After eight years of occasional triumphs, trying times, and tough decisions, Minneapolis school-board member Bill Green decided not to run for reelection. When Green was first elected to that most thankless of political positions in 1992, the district was reeling from a financial scandal wrought by former superintendent Bob Ferreira. In May of 1996, Green made headlines by assigning a failing grade for leadership to the Public Strategies Group, a private consulting firm led by Ferreira's successor, Peter Hutchinson. By contrast, he has always been an ardent supporter of current superintendent Carol Johnson, whom he helped to recruit.

While Green was chair of the board from 1996 to 1999, demonstrators in support of the Minneapolis NAACP's education desegregation suit against the State of Minnesota disrupted school-board meetings by shouting and banging on drums. The protesters also referred to Green and the two other African-American board members as Uncle Toms. Despite the passage of three school-funding referendums during the past eight years, the district is beset by a dropout rate of nearly 50 percent and a greater prevalence of low test scores among students of color. Just recently controversy broke out over the board's decision to grant a $30,000 raise to Superintendent Johnson, who last summer spurned a job offer in Nashville.

Green addressed these and other topics with typical candor last week over lunch at a small Middle Eastern restaurant near Augsburg College, where he is an associate professor of history and African-American studies. The interview occurred less than two weeks after his final school-board meeting.

While on the Minneapolis school board, Bill Green missed interacting with students one-on-one
Craig Lassig
While on the Minneapolis school board, Bill Green missed interacting with students one-on-one

City Pages: For four years you volunteered at Hall Elementary, where your son Nicholas [now a National Merit Scholar] went to school. Then you spent the next eight years on the school board. Which experience was more rewarding and where were you more effective?
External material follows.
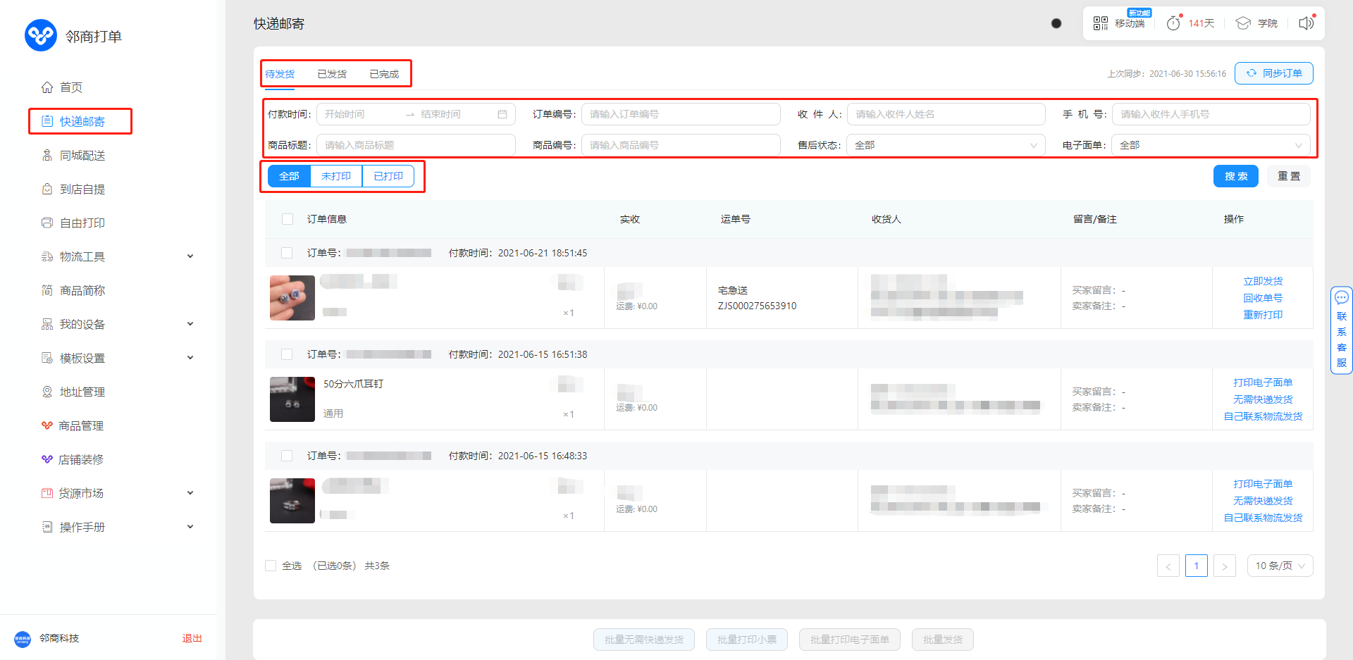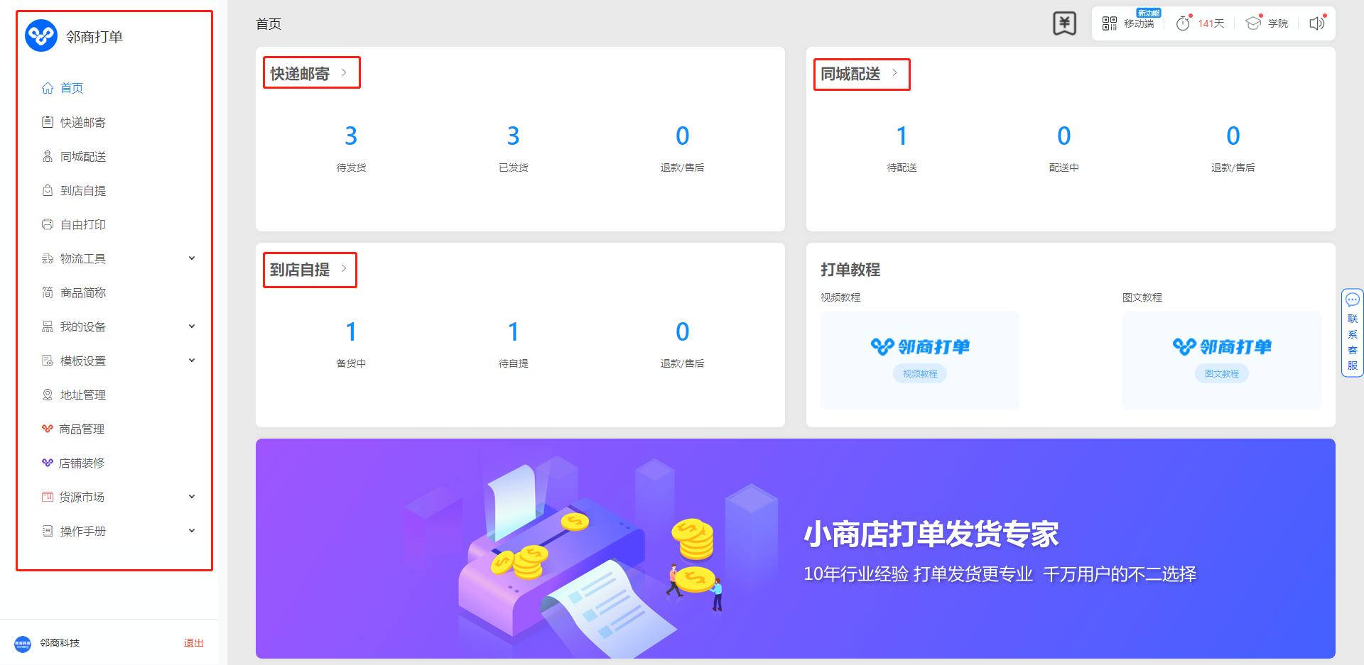邻商打单首页分为【左侧菜单栏】,订单展示页面分别为【快递邮寄】、【同城配送】及【到店自提】三种,点击即可跳转到对应订单列表

Green: Apples and oranges. Those four years in an inner-city school, where 70 percent of the students were of color, were very gratifying because I was hands-on. For many of those kids, I was the only male nurturer in their lives. But the boardroom was where monies were being allocated and where the face of the school district was being created. It would dictate whether the district could be something people could trust. It was the place to do things like improve Barton [Open Elementary] School and get a number of new buildings completed. I felt I could contribute to a more commodious relationship with the teachers, and later make a smooth transition for Carol [Johnson]. Those are all things I am really proud of, and I couldn't have done them from the classroom. But it also becomes alienating to know as you sit around a table and talk about schools esoterically, you are not really improving the educational experience of a child at that moment. That's probably one reason why I realized it was time for me to step down.

CP: Was it particularly tough to be vilified by the NAACP?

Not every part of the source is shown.